-- What is required --
Since the pictures are not wanted, reproduce only the rest of the records, exactly as given.

-- Given records --

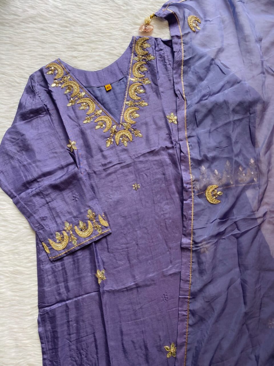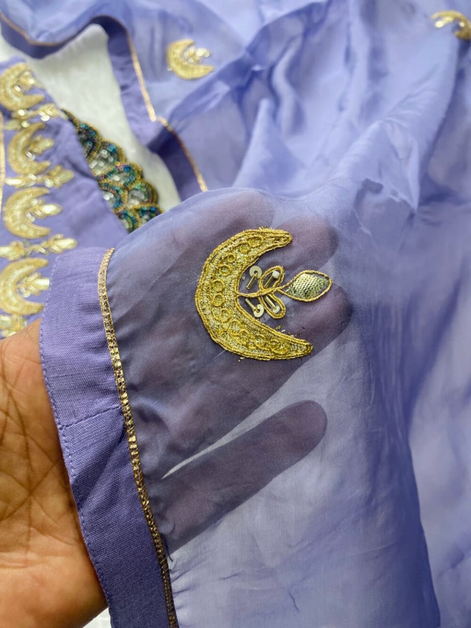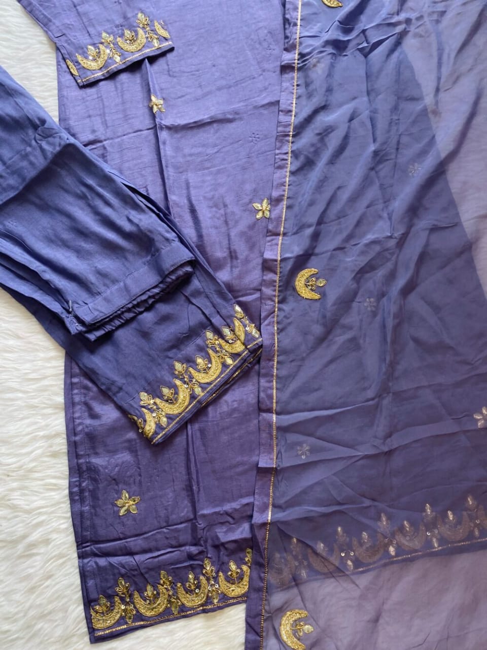 A very beautiful piece  handwork on the voke and sleeve of the kurta with a beautiful work organza dupatta and a silk bottom with work
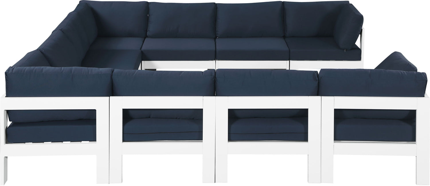 Nizuc - Outdoor Patio 10 Piece Modular Sectional With White Frame - Navy
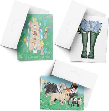 This 3-pack of assorted Easter greeting cards is elegantly illustrated by artist Ingrid Ramus, founder and owner of the Ramus Co brand. The cards are blank inside. All greeting cards are made in the USA on heavyweight uncoated and locally-manufactured card stock. Each card is individually wrapped in TUV Austria certified-compostable PLA sleeves. Each card is accompanied by a hand-embossed envelope made with heavyweight 95lb paper and a peel-and-stick flap - no licking envelopes here! All Ramus Co. greeting cards are printed on FSC© and SFI© certified paper sourced from a regional mill that harnesses 66% of its energy from on-site sustainable sources, such as emission-free hydroelectricity and biomass co-generation from wood waste. Additionally, our greeting cards are thoughtfully packaged in bags made from certified compostable PLA material. Husband-and-wife team Calvin and Ingrid Ramus founded Ramus Company in 2019, in New England, USA. Ingrid, the creative designer behind the brand, originates from Mexico, where she cultivated her skills in fashion and textile design. Drawing from her unique and inquisitive perspective on preppy style, Ingrid prolifically designs whimsical yet classic stationery and lifestyle items..
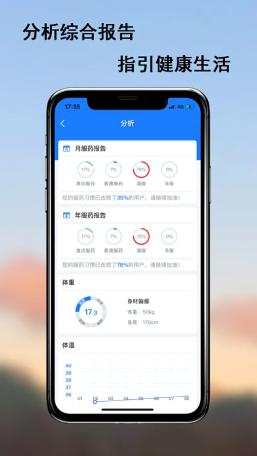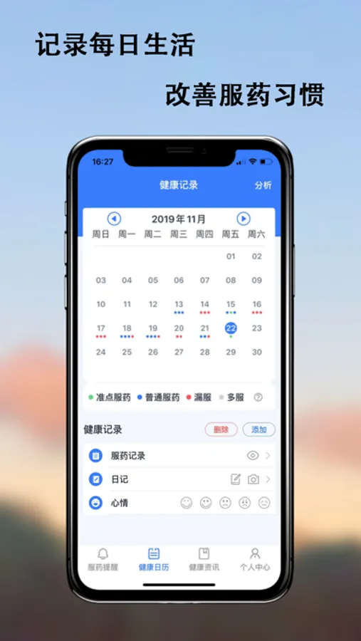 【健康记录】记录血压、血糖、体重等各类身体状况,并与服用记录、日历等其他健康记录一起汇总分析,生成健康分析报告,方便回顾。可以远程查看服药历史记录,当数据异常时,及时提醒用户及其关联亲友。
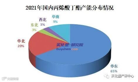 产能分布来看,国内华东地区是产能集中区域,也是新增产能比较集中的区域。截至2021年,华东丙烯酸丁酯产能占比高达64.8%,华北、华南占比分别在20.4%和9.2%。华东、华北地区也是丙烯酸丁酯的主要输出区域。
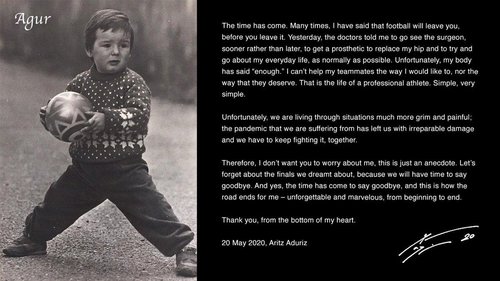 Yeni tip corona virüsü (Covid-19) salgınına atıfta bulunan Aduriz, "Maalesef çok daha zor ve acılı bir dönemden geçiyoruz. Telafisi olmayan acılar bırakan salgına karşı hepimiz mücadeleye devam etmeliyiz. Bu yüzden benim için endişe etmeyin, bu sadece bir anektod." açıklamasında da bulundu.
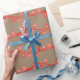 Rustic Kraft Bright Red Christmas String Lights Wrapping Paper
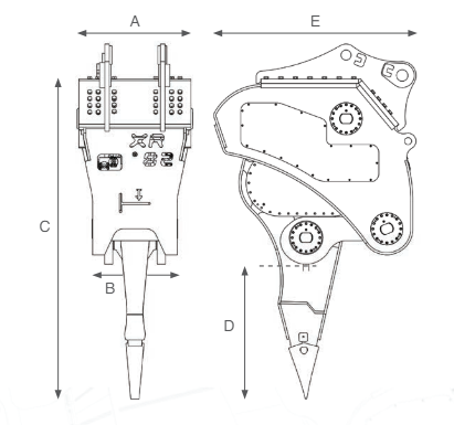 | Gewicht des BaggersRipper | T | 18-23 | 24-32 | 32-40 | 40-55 | 55-70 | 70-90 | 100-140 |

-- Solution --
 A very beautiful piece  handwork on the voke and sleeve of the kurta with a beautiful work organza dupatta and a silk bottom with work
 Nizuc - Outdoor Patio 10 Piece Modular Sectional With White Frame - Navy
 This 3-pack of assorted Easter greeting cards is elegantly illustrated by artist Ingrid Ramus, founder and owner of the Ramus Co brand. The cards are blank inside. All greeting cards are made in the USA on heavyweight uncoated and locally-manufactured card stock. Each card is individually wrapped in TUV Austria certified-compostable PLA sleeves. Each card is accompanied by a hand-embossed envelope made with heavyweight 95lb paper and a peel-and-stick flap - no licking envelopes here! All Ramus Co. greeting cards are printed on FSC© and SFI© certified paper sourced from a regional mill that harnesses 66% of its energy from on-site sustainable sources, such as emission-free hydroelectricity and biomass co-generation from wood waste. Additionally, our greeting cards are thoughtfully packaged in bags made from certified compostable PLA material. Husband-and-wife team Calvin and Ingrid Ramus founded Ramus Company in 2019, in New England, USA. Ingrid, the creative designer behind the brand, originates from Mexico, where she cultivated her skills in fashion and textile design. Drawing from her unique and inquisitive perspective on preppy style, Ingrid prolifically designs whimsical yet classic stationery and lifestyle items..
 【健康记录】记录血压、血糖、体重等各类身体状况,并与服用记录、日历等其他健康记录一起汇总分析,生成健康分析报告,方便回顾。可以远程查看服药历史记录,当数据异常时,及时提醒用户及其关联亲友。
 产能分布来看,国内华东地区是产能集中区域,也是新增产能比较集中的区域。截至2021年,华东丙烯酸丁酯产能占比高达64.8%,华北、华南占比分别在20.4%和9.2%。华东、华北地区也是丙烯酸丁酯的主要输出区域。
 Yeni tip corona virüsü (Covid-19) salgınına atıfta bulunan Aduriz, "Maalesef çok daha zor ve acılı bir dönemden geçiyoruz. Telafisi olmayan acılar bırakan salgına karşı hepimiz mücadeleye devam etmeliyiz. Bu yüzden benim için endişe etmeyin, bu sadece bir anektod." açıklamasında da bulundu.
 Rustic Kraft Bright Red Christmas String Lights Wrapping Paper
 | Gewicht des BaggersRipper | T | 18-23 | 24-32 | 32-40 | 40-55 | 55-70 | 70-90 | 100-140 |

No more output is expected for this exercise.